Exercise inputs START
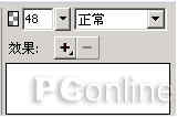 9、還是選中位于上層的位圖對象,在屬性面板上的效果區域進行調解。圖層的混合模式保持“正常”不變,將不透明度的數值做一個調整,此處設為了“48”。具體設置請參看下圖。
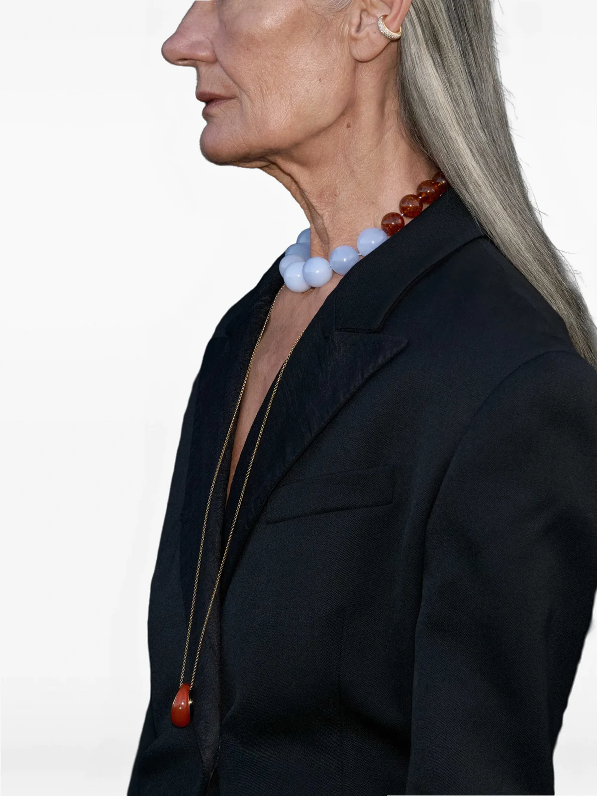 18kt Yellow Gold 100%, Amber 100%, Chalcedony 100%
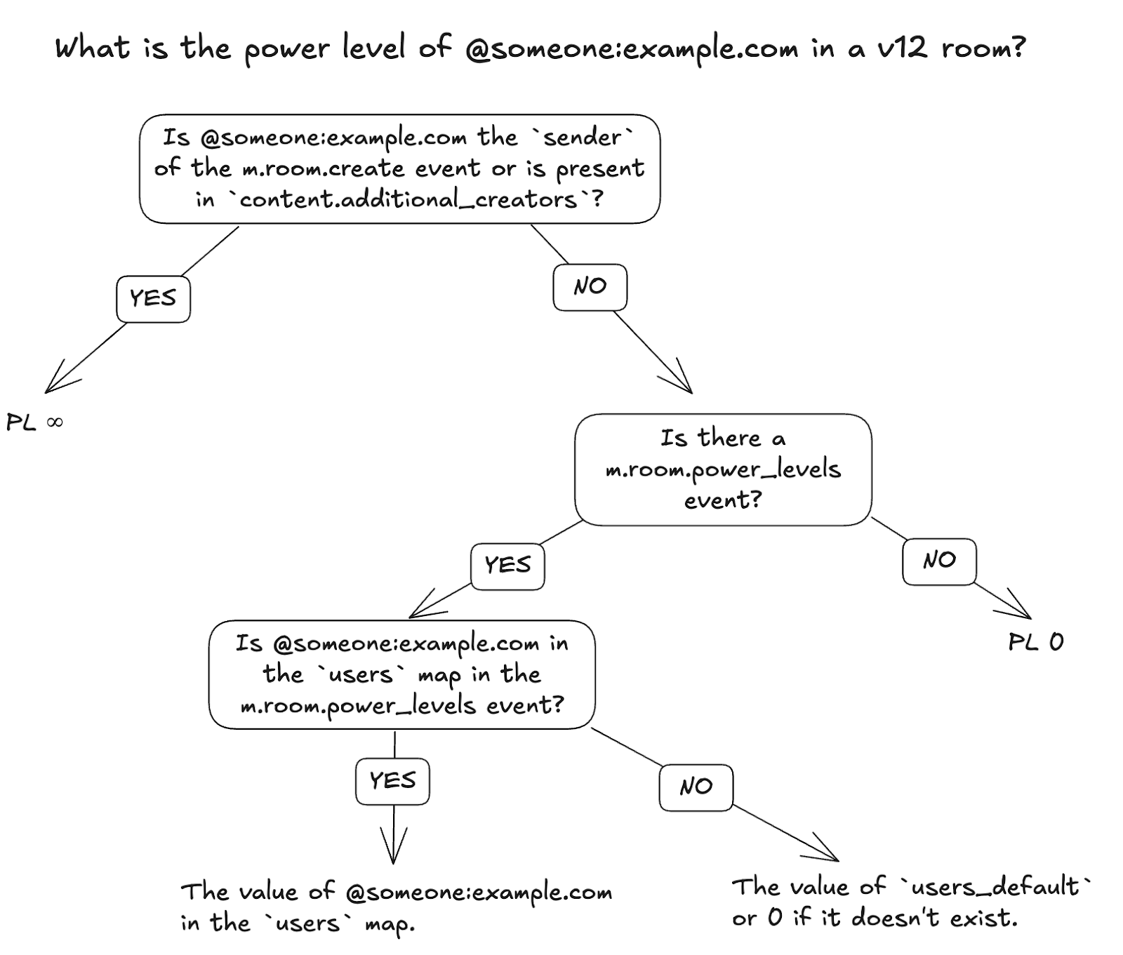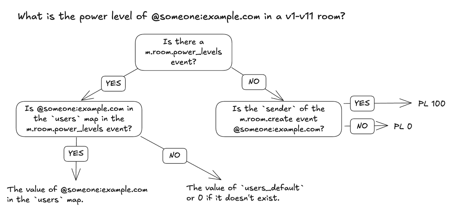 event, many clients failed to implement first branching “no” in v1-v11 rooms. The new rules take into account the privileged position of room creators whilst also ensuring that clients implement the full decision flow chart.
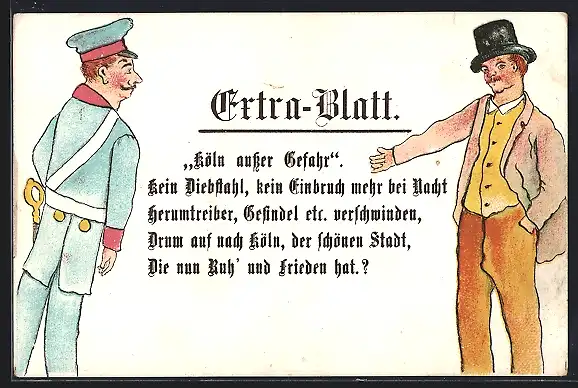 Lithographie Köln, Extrablatt: Köln ausser Gefahr, Polizist und Passant
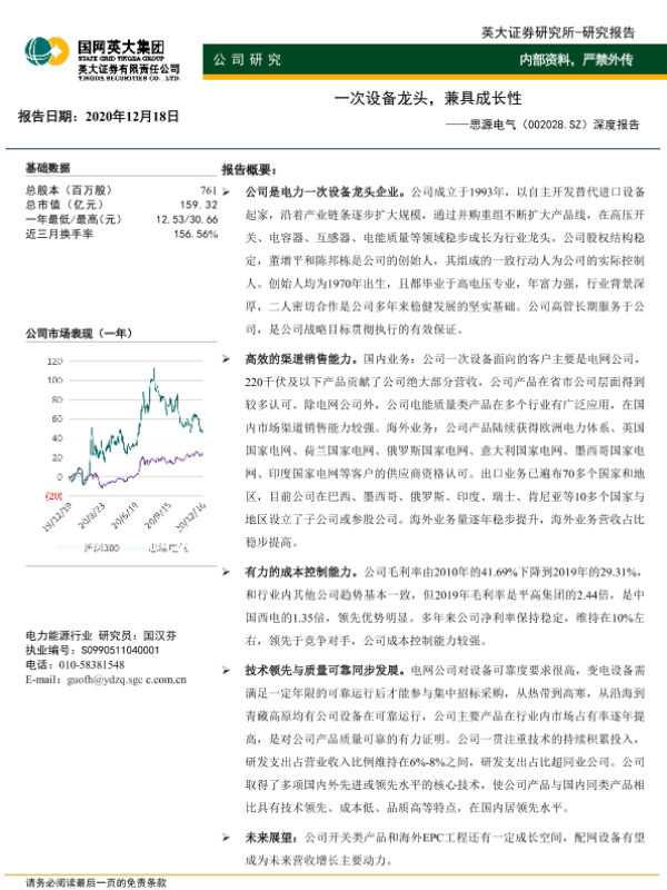 【英大证券】【20201218】20201218-英大证券-思源电气-002028.SZ-深度报告:一次设备龙头,兼具成长性-43页
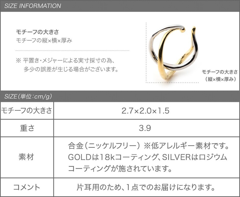 流れるような柔らかい曲線が美しいレイヤード風イヤーカフ。
Exercise inputs END
◆ Work instruction: In the records above, the lines from the one containing "Lithographie Köln, Extrablatt: Köln" through the last line are to be written out exactly, both ends included and pictures omitted.

◆ Answer to this problem:
 Lithographie Köln, Extrablatt: Köln ausser Gefahr, Polizist und Passant
 【英大证券】【20201218】20201218-英大证券-思源电气-002028.SZ-深度报告:一次设备龙头,兼具成长性-43页
 流れるような柔らかい曲線が美しいレイヤード風イヤーカフ。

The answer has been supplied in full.